8.2. L’appellante ha concluso formulando, in via cautelare, domanda di sospensione di tutti i provvedimenti impugnati nel primo grado di giudizio e della sentenza impugnata e, in via istruttoria, di acquisizione dal Comune di Bordighera degli atti, dei provvedimenti e dei progetti in virtù dei quali sono stati eseguiti i lavori di somma urgenza da parte del Comune di Bordighera sul Rio Lunassa in occasione e per effetto dell’alluvione verificatasi a Bordighera in data 14 settembre 2006, nonché, nel merito, richiesta di annullamento di tutti gli atti e i provvedimenti impugnati con il ricorso di primo grado.

9. In data 5 settembre 2025 la parte appellante ha presentato istanza di fissazione dell’udienza.

10. Il Comune di Bordighera si è costituito in giudizio con memoria del 26 settembre 2025 con la quale ha richiesto la reiezione del ricorso in appello, unitamente all’istanza di sospensione cautelare, perché irricevibile, inammissibile, improcedibile e comunque infondato e, per l’effetto, di confermare la sentenza gravata e la legittimità dei provvedimenti comunali impugnati.

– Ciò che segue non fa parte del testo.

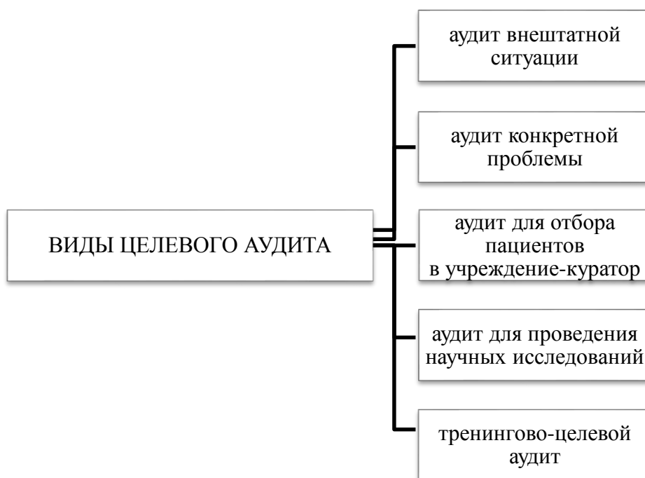
Рис. 3. Виды целевого аудита

Целевой перинатальный аудит проводится в определенных случаях (рис. 3).
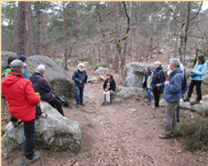
Route des Ventes Alexandre (PF 714) : la formation des grès
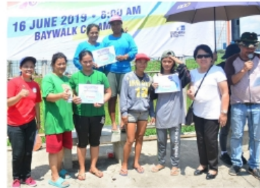
2 WOMAN ROWING
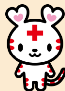
日本赤十字社 公式キャラクター 「ハートラちゃん」

【お問い合わせ・お申込み】Tel：092-523-1173（平日9時～17時30分）
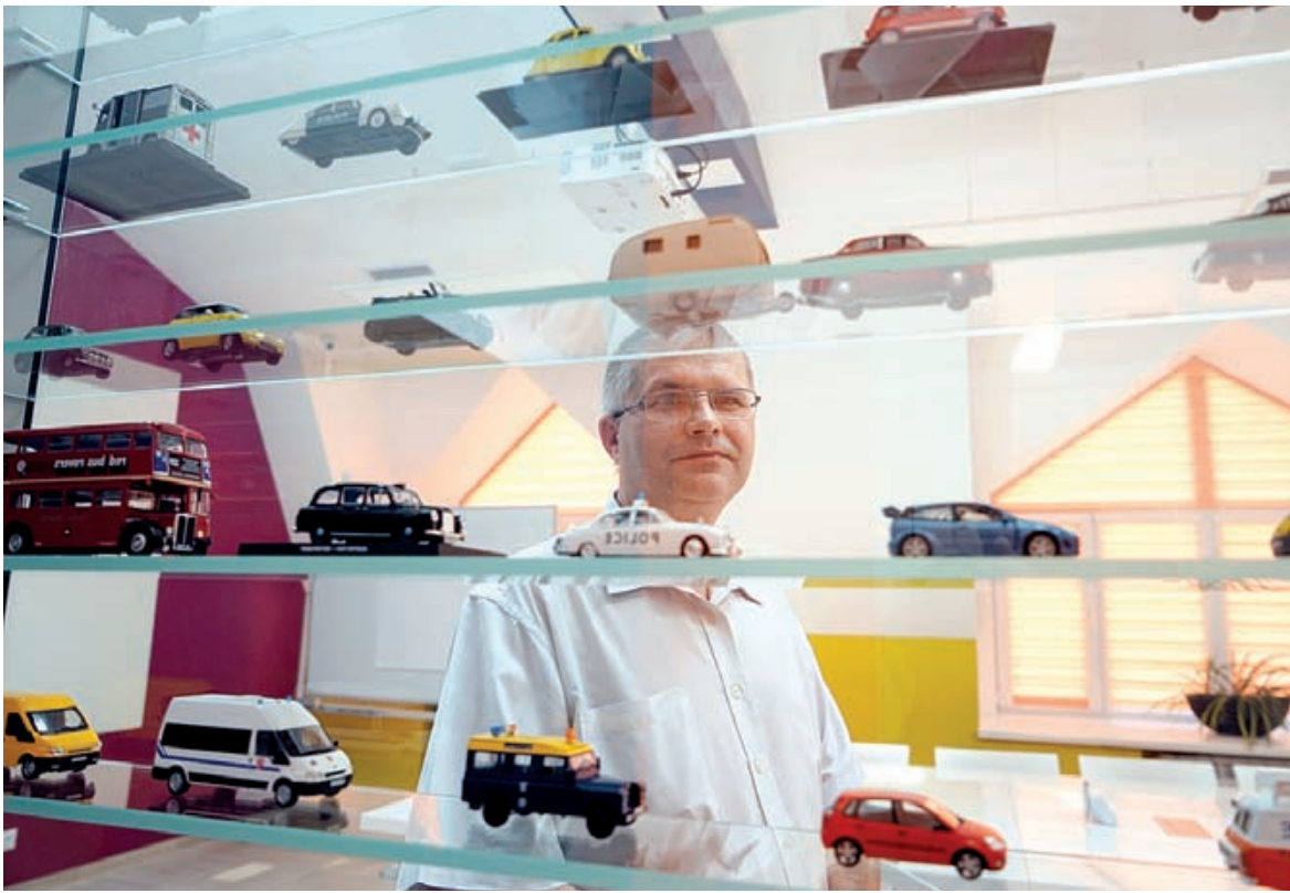
■ 389 автомобилей разных стран представлены в коллекции

Коллекционирование моделей автомобилей – удовольствие не из дешевых. Стоимость одной может колебаться от 600 рублей до нескольких тысяч. Все зависит от детализированности копии, производителя и тиража. Если это промышленный способ производства и количество экземпляров исчисляется сотнями и тысячами, цена будет демократичной. Если же за дело берется небольшая мастерская или индивидуальный мастер и только они выпускают конкретную модель автомобиля, стоимость может достигать до десятков тысяч рублей.
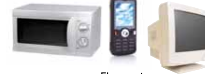
Electronics Aparatos electrónicos
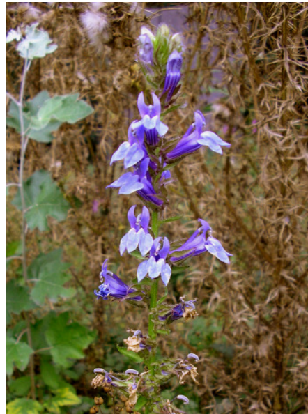
Abb. 8: Lobelia siphilitica auf einer Brache am Rhein-Herne-Kanal in Crange (2008).
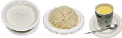
白稀飯 白麵條/麵線 無料蒸蛋
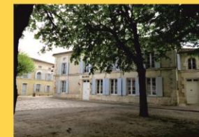
1 - Mairie - ancienne école
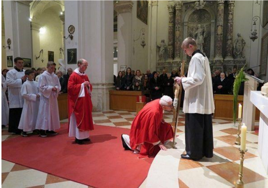
Slika 14. Ljubljenje križa na Veliki petak

za crkvu ili za posebne nakane ako postoje u župnoj zajednici. Za vrijeme ljubljenja križa pjeva se pjesma Puče moj .
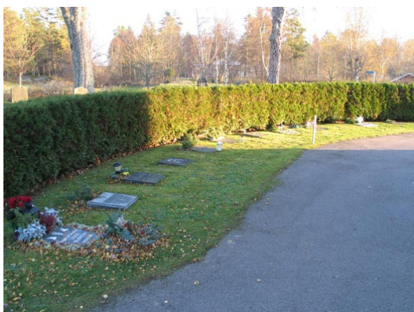
Urngravsområdet öster om kyrkans kor. (KI Fagerhult kyrkog 149)
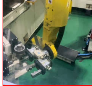
ロボットにて反転動作！！
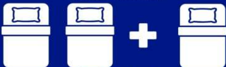
ห้องพักสำหรับสามท่าน (ที่นอนเสริม) TRIPLE BED ROOM (TRP)
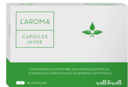
30 capsules (origine marine)

*Ingrédients issus de l'agriculture biologique.
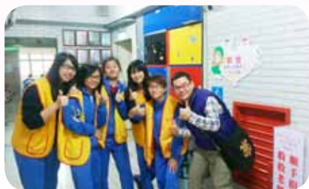
帶領學生到創世基金會服務

的社團指導老師，每週三下午帶領學生從事社區志願服務，分別前往「伊甸社會福利基金會」、「創世社會福利基金會」及「萬芳啟智中心」從事社區服務與街頭募發票活動，激勵學生體認生命的意義，培養多元價值觀，發揮「助人最樂，服務最榮」的精神。其熱衷投
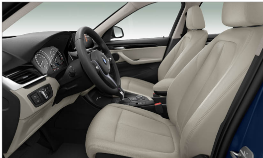
Sensatec皮質 X1 sDrive20i
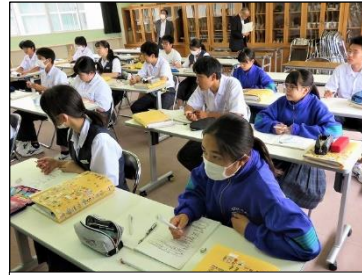
3年B組 社会・音楽 落ち着いて取り組んでいます！
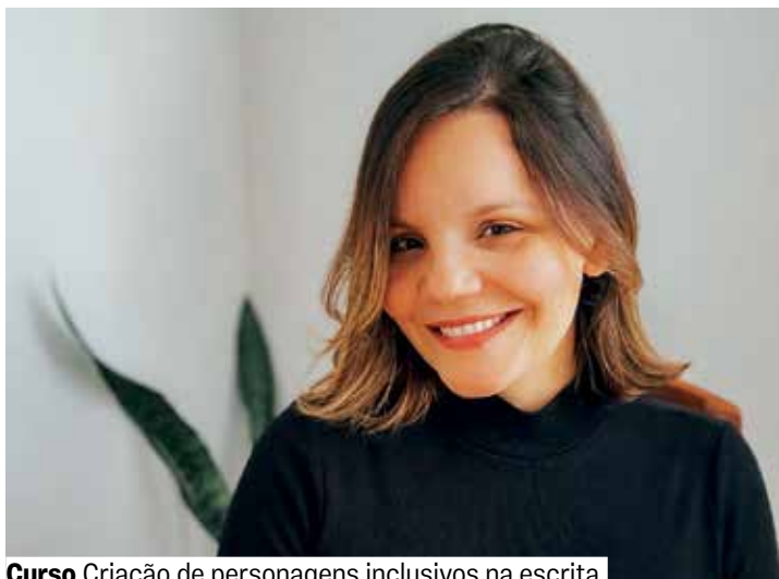
Curso Criação de personagens inclusivos na escrita
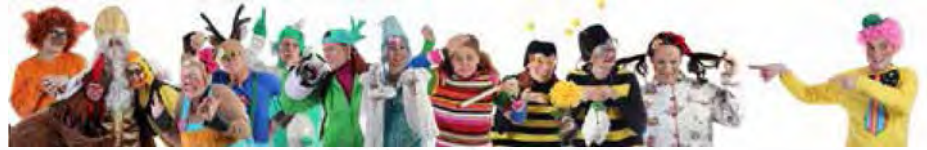
Gledališče je najlepša pot do otrok

Blagoslovljena sem z možnostjo, da z ekipo čudovitih ljudi in talentiranih umetnikov ustvarjam najlepše predstave za otroke. Takšne, ki vzgajajo, se jih dotaknejo, ki vzbujajo radovednost, ki učijo, nasmejejo in ostanejo za vedno. Takšne, ki nagovarjajo in bogatijo tudi učitelje, vzgojitelje in starše. Takšne, ki marsikaj pokažejo, sporočijo, povejo in pomagajo razumeti. Takšne, ki jih otroci razumejo. Takšne, ki ustvarjajo svet, v katerem je lepše odraščati in v kater-

11. Con ordinanza n. 3556/2025 del 1° ottobre 2025 la Sezione ha accolto l’istanza cautelare e per l’effetto ha sospeso l'esecutività della sentenza impugnata.

12. La società appellante ha presentato in data 23 dicembre 2025 una memoria con la quale ha ribadito le proprie doglianze, confermando le conclusioni formulate in sede di appello.

13. In data 24 dicembre 2025 il Comune appellato ha presentato una memoria in cui ha richiamato, confermandole, le difese già svolte nella memoria del 26 settembre 2025 ribadendo le conclusioni ivi formulate.

14. Il 5 gennaio 2026 la parte appellata ha presentato una memoria di replica nella quale ha ribadito le osservazioni e le conclusioni formulate nella citata memoria del 26 settembre 2025.

15. in data 26 gennaio 2026 la parte appellata ha avanzato istanza di passaggio in decisione sulla base dei propri scritti difensivi già depositati in giudizio.

16. La causa è stata trattenuta in decisione all’udienza pubblica del 27 gennaio 2026.

17. L’appello, per le ragioni di cui infra, è da reputare infondato.

18. In via preliminare il Collegio rileva che, attesa l’infondatezza del gravame nel merito, prescinde dall’esame dell’eccezione di inammissibilità del ricorso di primo grado, sollevata nelle memorie di parte appellata.

19. Appare ora necessario valutare partitamente i profili di censura avanzati dal ricorrente.

19.1. Con il primo motivo si segnala che nella sentenza di primo grado il Tribunale adito non si sia pronunciato sui primi due motivi del ricorso del ricorso di primo grado con i quali si faceva riferimento all’assoluta genericità dell’ordine di demolizione. Il Comune, infatti, da un lato avrebbe omesso di imputare i pretesi abusi edilizi in capo ai singoli proprietari e, dall’altro lato, tali abusi sarebbero stati descritti in modo approssimativo, rendendo di fatto inintellegibile la natura dell’abuso, con la conseguente impossibilità di dare esecuzione all’ordine di demolizione. Ciò, in particolare, sarebbe da imputare al fatto che l’ordinanza di demolizione del 2024 è stata adottata sulla base di un’attività istruttoria che non ha tenuto conto del nuovo assetto proprietario determinatosi con l’acquisto, il 1° giugno 2023, della proprietà da parte della società appellante.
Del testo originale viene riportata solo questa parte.